Parole fertili: il viaggio alla ricerca di un figlio
Nel percorso alla ricerca di un figlio, le caring narratives digitali possono diventare un aiuto fondamentale per riappropriarsi del “come si ottiene”
Articolo di Cristina Cenci su Nòva
E’ online ParoleFertili.it, una piattaforma narrativa per condividere il viaggio alla ricerca di un figlio, ideata dal Center for Digital Health Humanities con il contributo educazionale e appassionato di IbsaPMA, in partnership con progestazione.it, un nuovo magazine online dedicato alla fertilità e alla PMA.
La difficoltà o l’impossibilità a generare è un’area di grande tabù. A differenza di altre patologie, non ha una definizione primariamente e prevalentemente biomedica. Si diventa ‘pazienti’ solo nel momento in cui si desidera un figlio. Senza il desiderio, si resta fertili, anche se medicalmente sterili. E’ il desiderio, il bisogno identitario di ruolo materno e paterno che segna la separazione tra normale e patologico.
Questo desiderio nella contemporaneità si carica sempre più di colpa, crea ambivalenze e percorsi difficili.
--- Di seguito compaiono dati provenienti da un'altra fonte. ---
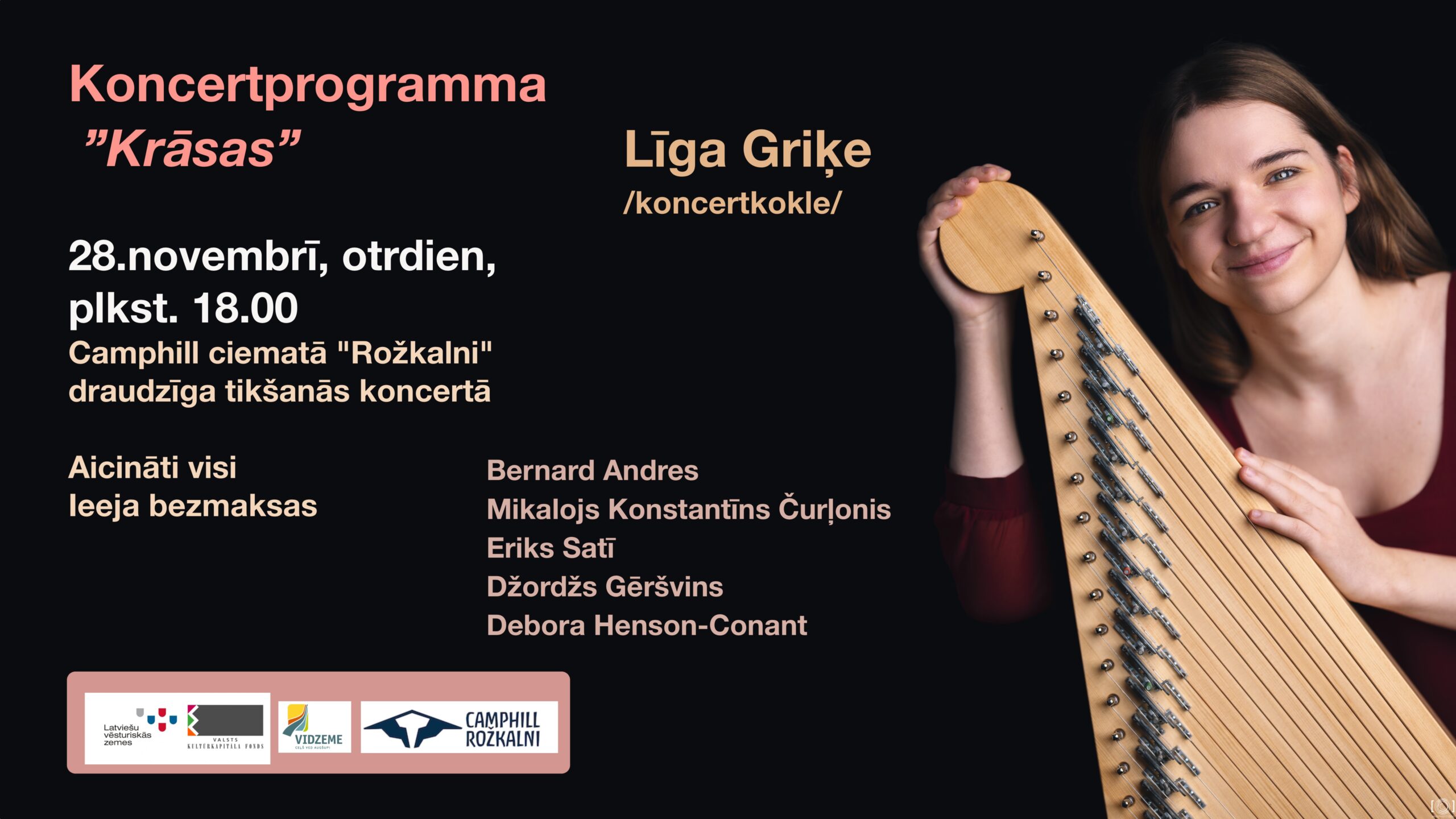 Otrdien, 28. novembrī, plkst. 18.00 Camphill ciematā “Rožkalni” draudzīga tikšanās koncertā. Muzicēs Līga Griķe /koncertkokle/. Programmā: Bernard Andres, Mikalojs Konstantīns Čurļonis, Eriks Satī, Džordžs Gēršvins, Debora Henson-Conant.

L’infertilità si associa spesso infatti alla ritardata maternità/paternità, allo scarto tra i tempi biologici e i tempi sociali e identitari. Il tempo dell’adulto e il tempo del genitore non coincidono, sono sempre più lontani. La ricerca di un lavoro stabile, di un compagno, di una città fissa, di una casa….. I ‘prima’ di un figlio sono sempre di più e il“fuori tempo massimo” trasforma il desiderio in colpa, come racconta Nina, in una delle storie pubblicate su ParoleFertili.
“Ho superato da qualche anno i 40, sono una donna appagata sul lavoro, guadagno discretamente bene, la mia vita mi piace così com’è. Allora perché ora, solo ora, ho sentito il desiderio di avere un figlio? Sorridevo quando sentivo parlare dell’orologio biologico, neanche li guardavo, io, i bambini. E adesso, invece, ci ero caduta in pieno”.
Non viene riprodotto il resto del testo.